Ныркин пошёл было, но тут эта баба из-за решётки стала канючить:
– А меня когда же в туалет сводют?
– Водили тебя, – сказал Ныркин, – часа не прошло. Потерпишь маленько.
– Не буду я терпеть! Вот возьму и напущу на пол.
Ныркин ей сказал добродушно:
– Напустишь – юбкой будешь вытирать.
– Ещё чего! Юбка у меня – шерстяная.
«Господи, – я подумал, – вот баба кошмарная. Как её только земля носит! И ведь это я с нею там окажусь, других же камер нету». Я встал и пошёл опять к барьеру.
– Не поживу я у вас, я лучше в общагу пойду.
– Ну, милый, это уж мне знать, где тебе лучше. Нахулиганил – значит, у нас лучше.
– Нельзя мне, майор. Береговые у меня. Я неделю как с моря…
– Что ж делать, Шалай? Мы, что ли, с Ныркиным стёкла били, покой нарушали трудящихся?
– …и мне завтра по новой в море. Утром отход. На восемьсот пятнадцатом, можете проверить.
Майор Запылаев бросил свой документ заполнять, вздохнул.
– Ныркин, какой завтра отходит?
– Кто его знает. В диспетчерскую надо звонить.
– Н-да… Тем более, он же не знает, диспетчер, есть там этот Шалай в роли или нет. Кто у тебя капитан?
Я пожал плечами. Капитана я не успел придумать.
– В море, – говорю, – познакомимся.
– Врёт, – сказал Ныркин. – А может, не врёт.
– Ну, а кого-нибудь помнишь?
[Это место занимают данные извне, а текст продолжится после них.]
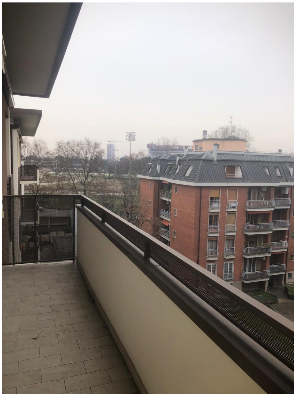
Vista dal balcone

Старпома? Дрифмейстера?
– Штурманов? – баба сказала из-за решётки. – Механиков?
– Во! Стармеха помню. Бабилов.
– Сергей Андреич?
– Точно.
Запылаев опять чего-то вздохнул.
– Телефон-то у него наверняка есть…
Это правда, телефон был у «деда», его за три года до этого депутатом выбирали в райсовет. Только не нужно ему было знать про мои похождения.
– Он же спит, – говорю.
– Что ж делать, разбудим. Твоя вина.
– И всё я пошутил. Никакой у меня не отход.
– Врал, значит?
– Ага, – я снова пошёл к лавке, – давай мне, старшина, комплект, я спать буду.
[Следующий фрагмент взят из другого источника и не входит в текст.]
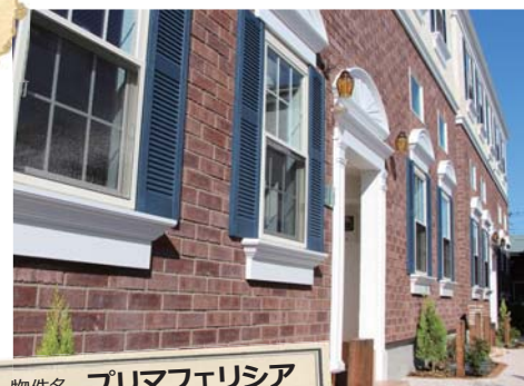
物件名 プリマフェリシア

Майор Запылаев всё же набрал номер. Я так себе и представил – как в длинном-длинном коридоре, где сундуки стоят, корыта, холодильник чей-нибудь, а на стенах висят велосипеды, как там звенит, заливается звонок, – пока кто-нибудь нервный не выскочит, протирая кулаками очи, не нашарит выключатель, потом в другой конец не зашлёпает, к телефону. Потом к «деду» идут стучать – тоже подвиг, опять в другой конец шлёпай. Но «деда» нельзя не позвать, его и ругают, и уважают. И вот «дед» поднимается, кряхтит, накидывает бушлат, суёт ноги в тёплые галоши, идёт. И вся квартира, конечно, пристраивает уши к дверям – кому ж это он понадобился в столь поздний час? Любопытно, любопытно, «майор Запылаев из милиции», то-то нынче пошатывались, когда пришли. Нет, с «дедом» всё в порядке, матросик из его экипажа набедокурил – «в нетрезвом, конечно». Скажите, тысячу рублей размотал, не помнит где. Хорош экипаж! А «деду» он что – сын, племянник? Ах, этот, который всё к нему ходил, вроде подкидыша. Хорош подкидыш, с таким жить да радоваться. А старый-то за него просит, унижается, было бы из-за кого. Господи, и Ненил Васильна выбежала. Бог своих не дал, вот и носятся с прохиндеем великовозрастным, души не чают… Потом идут они двое между замочных скважин и молчат. Запираются в своей комнатёшке и друг другу ни слова.
Майор Запылаев положил трубку, погладил свой «внутренний заём» и насупился: что ж ему теперь с официальным документом делать?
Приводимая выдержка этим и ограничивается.